Es ist sieben Uhr in Tel Aviv, früher Morgen, das Auto ist betankt, das Haus unter der riesigen Palme abgeschlossen, die Alarmanlage angestellt. Wasserflasche? Okay! Der alte Mann klemmt sich hinters Steuer, neben ihm streicht seine Frau ihre grauen Wuschel zurecht, und: los!

Man muss nur sehen, wie dieser Mann, schlohweiß Schopf und Bart, Auto fährt, und man weiß alles über den 81-jährigen Fotografen Micha Bar-Am . Diese Energie. Das Unaufhaltsame. Der Wille, alles zu geben, auch Spaß zu haben, dabei zu sein. Erst vorgestern Nacht sind die beiden Alten mit ihrem Gast durch das Nightlife von Tel Aviv gebraust, vorbei an funkelnden Straßencafés, und gestern Abend in den Hafen von Jaffa, wo sich die Kunstszene bei Sonnenuntergang trifft. Und heute früh nun in den Norden, zum See Genezareth. Dort zeigt das Open Museum for Photography im Industriepark Tel Hai in diesem Sommer seine Bilder. Es werden vier Autobusse erwartet, deutschstämmige Juden, die Jeckes , kommen. Micha und Orna, der Künstler und seine Frau, werden zu den Gästen sprechen.

Micha Bar-Am, der vor über einem halben Jahrhundert mit dem Fotografieren begann, ist en vogue. Die Zeitung Ha’aretz hat ihm gerade eine Seite gewidmet, nächste Woche sind seine Bilder einer geteilten Stadt in Jerusalem zu sehen, auch in seinem Geburtsland Deutschland wurden sie gezeigt, zuletzt in Berlin , eine große Werkschau, kuratiert von der Kulturwissenschaftlerin Alexandra Nocke.

Der Fotoreporter der berühmten amerikanischen Agentur Magnum ist zu einem Chronisten der israelischen Geschichte geworden. Seine Fotos sind Inbilder: gezackte Schützengräben, die das Land tief aufreißen, Negev-Wüste 1956. David Ben Gurion, der erste Premier, auf einer Straße in den Abend gehend, Kibbuz Sde Boker 1966. Kinder, die sich unter einen Busunterstand drängen – es wirkt, als seien sie in einem sonnendurchglühten Nichts ausgesetzt. Zerlumpte Soldaten, in den Staub geworfen, die Hände auf den Rücken gefesselt. West-Bank. Gaza. Libanon.

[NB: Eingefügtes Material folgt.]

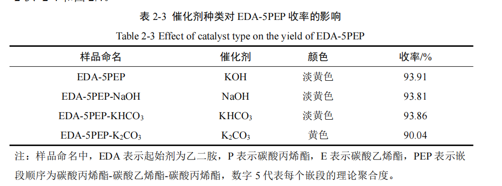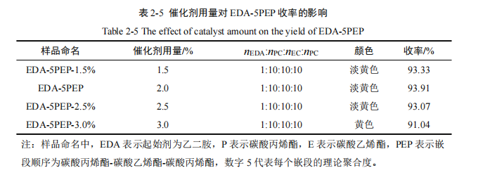 文献报道[101]指出,环状碳酸酯的开环聚合反应受催化剂种类及用量、反应温度及 反应时间的影响。当温度 130℃、嵌段反应时间 2 h、催化剂用量为起始剂和第一嵌段 碳酸丙烯酯总摩尔的 2.0%,环状碳酸酯按照“碳酸丙烯酯-碳酸乙烯酯-碳酸丙烯酯”的 顺序投加,每次投加量为起始剂摩尔数的 10 倍,考察了催化剂种类对三嵌段、5 聚合 度的乙二胺基聚碳酸醚酯类破乳剂(EDA-5PEP)的收率和分子结构的影响,结果见表 2-3、2-4 和图 2.4。
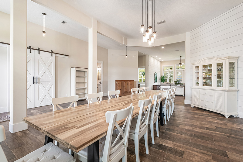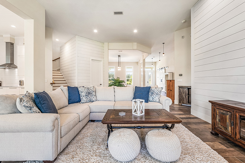 The splendid flooring – high-end, multihued, wood-look tile – flows from the foyer throughout the house, perfectly offsetting the white palette of the sophisticated interior design. Twelve-foot ceilings, recessed lighting, shiplap accent walls, and open, room-to-room entryways create an expansive, light-filled space that is casually elegant and welcoming.
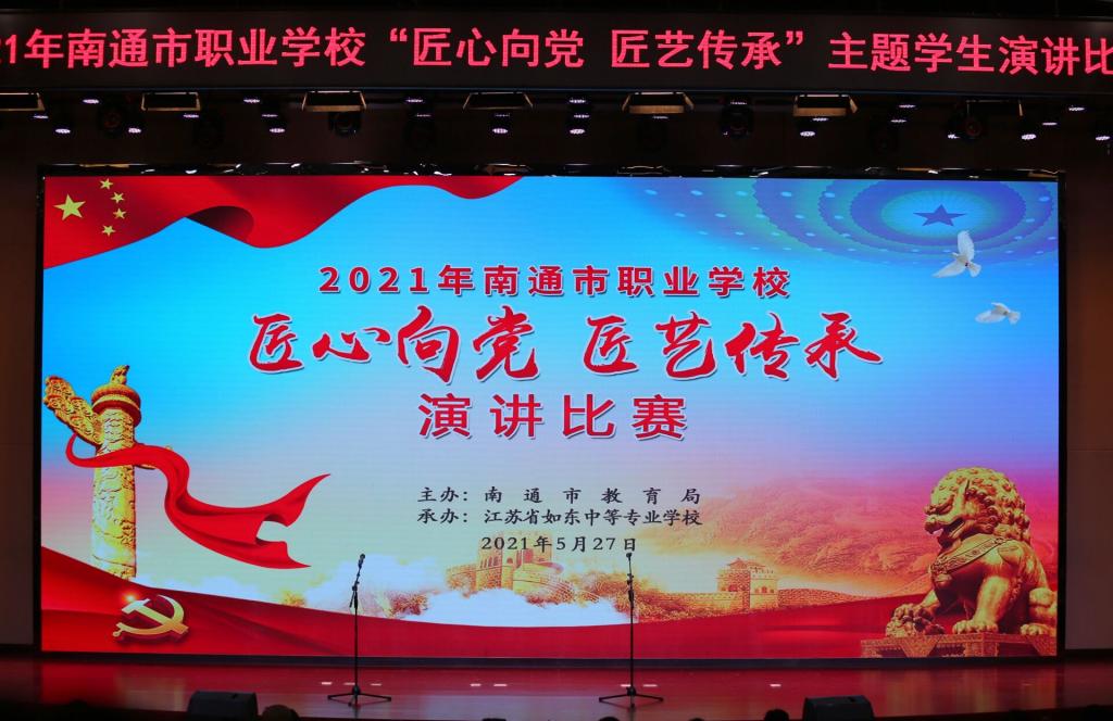 5月27日下午,由南通市教育局主办,如东中专承办的南通市职业学校“匠心向党、匠艺传承”主题演讲比赛在我校敬德堂举行。参加本次活动的有南通市教育局领导、各市县教育主管部门分管领导、职教科负责同志、各职业学校分管领导、各职业学校参赛选手及其指导老师。
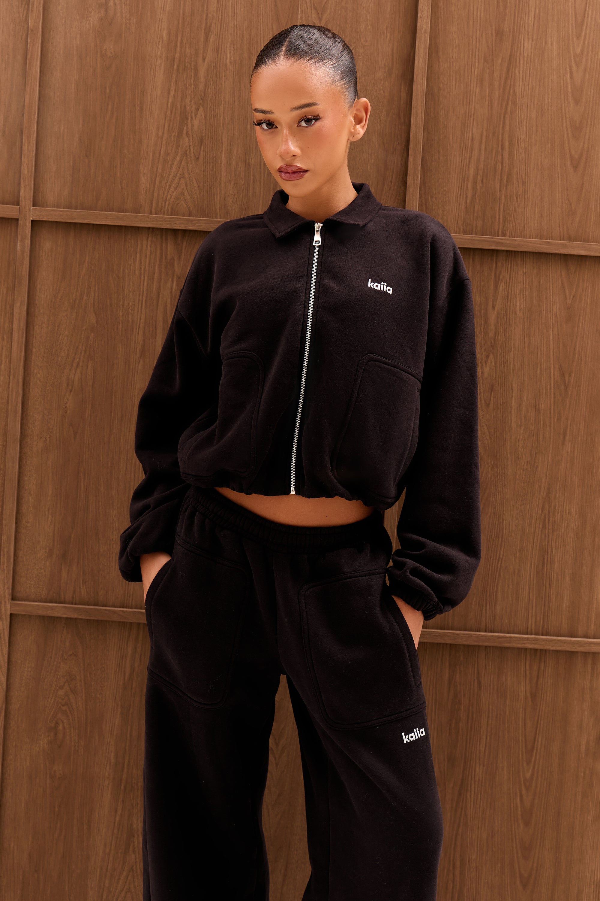 Kaiia Chrome Logo Pocket Detail Zip Through Sweatshirt Black
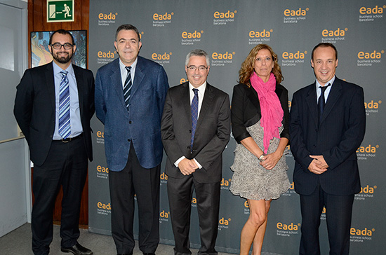 De izquierda a derecha, Xavier Amores, uno de los gestores del clúster y profesor de Marketing de EADA, Miquel Espinosa, director general de EADA, Jaume Carol, presidente de CWP, Lourdes Cortada, Corporate manager de EADA, y Pau Roig, director del área Corporate de EADA.
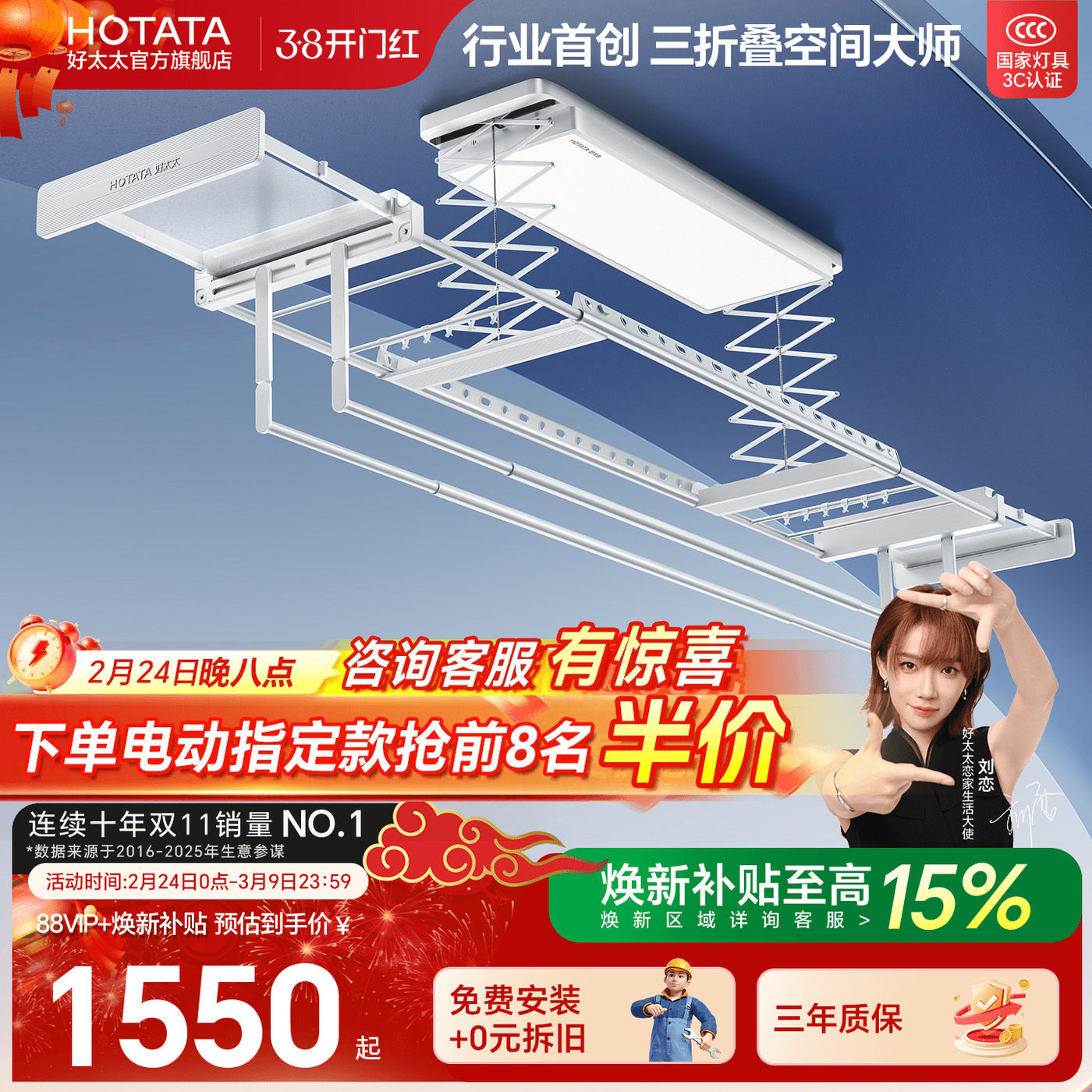📚 【重磅新品】好太太三折叠空间大师电动晾衣架家用阳台升降晾衣机
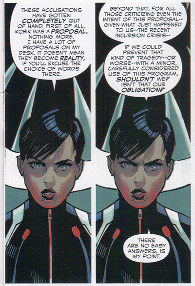 Right away this was so much better than Remender’s run. Like you say it doesn’t go nearly far enough, but it at least has it’s eyes open in the right direction.
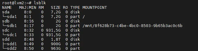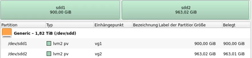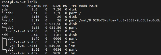 /dev/mapper/vg1-lvm1of 1.3TB/dev/mapper/vg1-lvm2of 550GB/dev/mapper/vg2-lvm3of 963GB
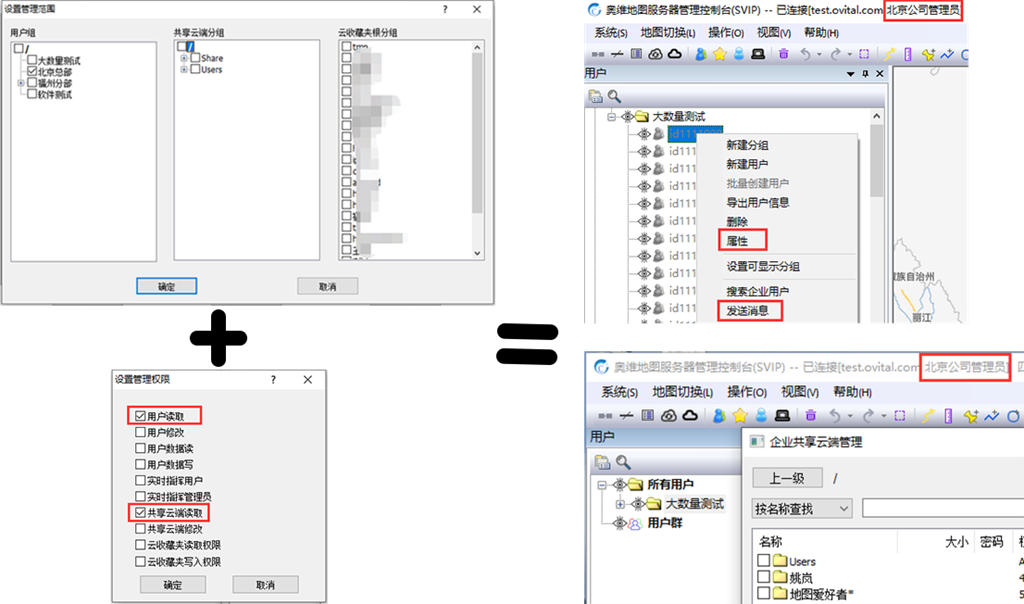 如下圖所示,開啟用戶讀取權限后,域管理員可以看到自己權限范圍內的用戶分組并可見組內用戶(非登陸狀態(tài)的用戶是灰度的),并可查看用戶"屬性",發(fā)送即時消息給用戶;開啟共享云端讀取權限后可見并可查看、下載所轄用戶共享云端數(shù)據(jù)。

Golan.

"Die Kriege sind im israelischen Kalender erfasst wie indianische Skalpe an einem abgewetzten Gürtel", schreibt die Schriftstellerin Nava Semel in dem eben erschienenen Band Insight , der die schönsten Bilder Bar-Ams versammelt. Sie sind Ikonen, in denen sich die Geschichte des Landes verdichtet, ja Micha Bar-Am ist selbst so etwas wie eine Ikone, gestern Abend in Jaffa jedenfalls wehten ihm Hände entgegen, Schalom, Micha, Schalom! Wer das war? Eine Dichterin! Meine Nachbarin! Und der? Jitzhak Navon, sagte Bar-Am fröhlich, der fünfte Staatspräsident Israels.

Micha Bar-Am, geboren 1930 in Berlin, kam 1936 nach Israel. Michael Aguli hieß der Junge da noch, sein Vater ist ein Sohn russischer Flüchtlinge aus dem zaristischen Russland. Unsere Fahrt nach Tel Hai streift durch Landschaften von Bar-Ams Leben. Linker Hand das Meer, über das die Familie anreiste, rechter Hand mäandert die Betonwand, man erhascht Blicke auf karge Hügel und Dörfer, dies ist die West-Bank, "die Wunde, die wir sind, Juden und Araber, die schon 150 Jahre bluten", schreibt Nava Semel. Ein Foto von Bar-Am aus dem Jahr 1969 zeigt eine nackte Hand, die eine Mine freilegt. Dann, 1979, Wäscheleinen, an denen neben Socken und Kippas israelische Fahnen zappeln. Vor uns, zur Linken, liegt Haifa, wo die Familie ausgeschifft wurde und wo der Papa eine Eisfabrik gründete und verlor. Im Hafen von Haifa wird Micha malochen, der sich, zum Ärger der Eltern, mit 13 Jahren in Bar-Am unbenannt hatte, Bar wie "wild" und Am wie "Volk".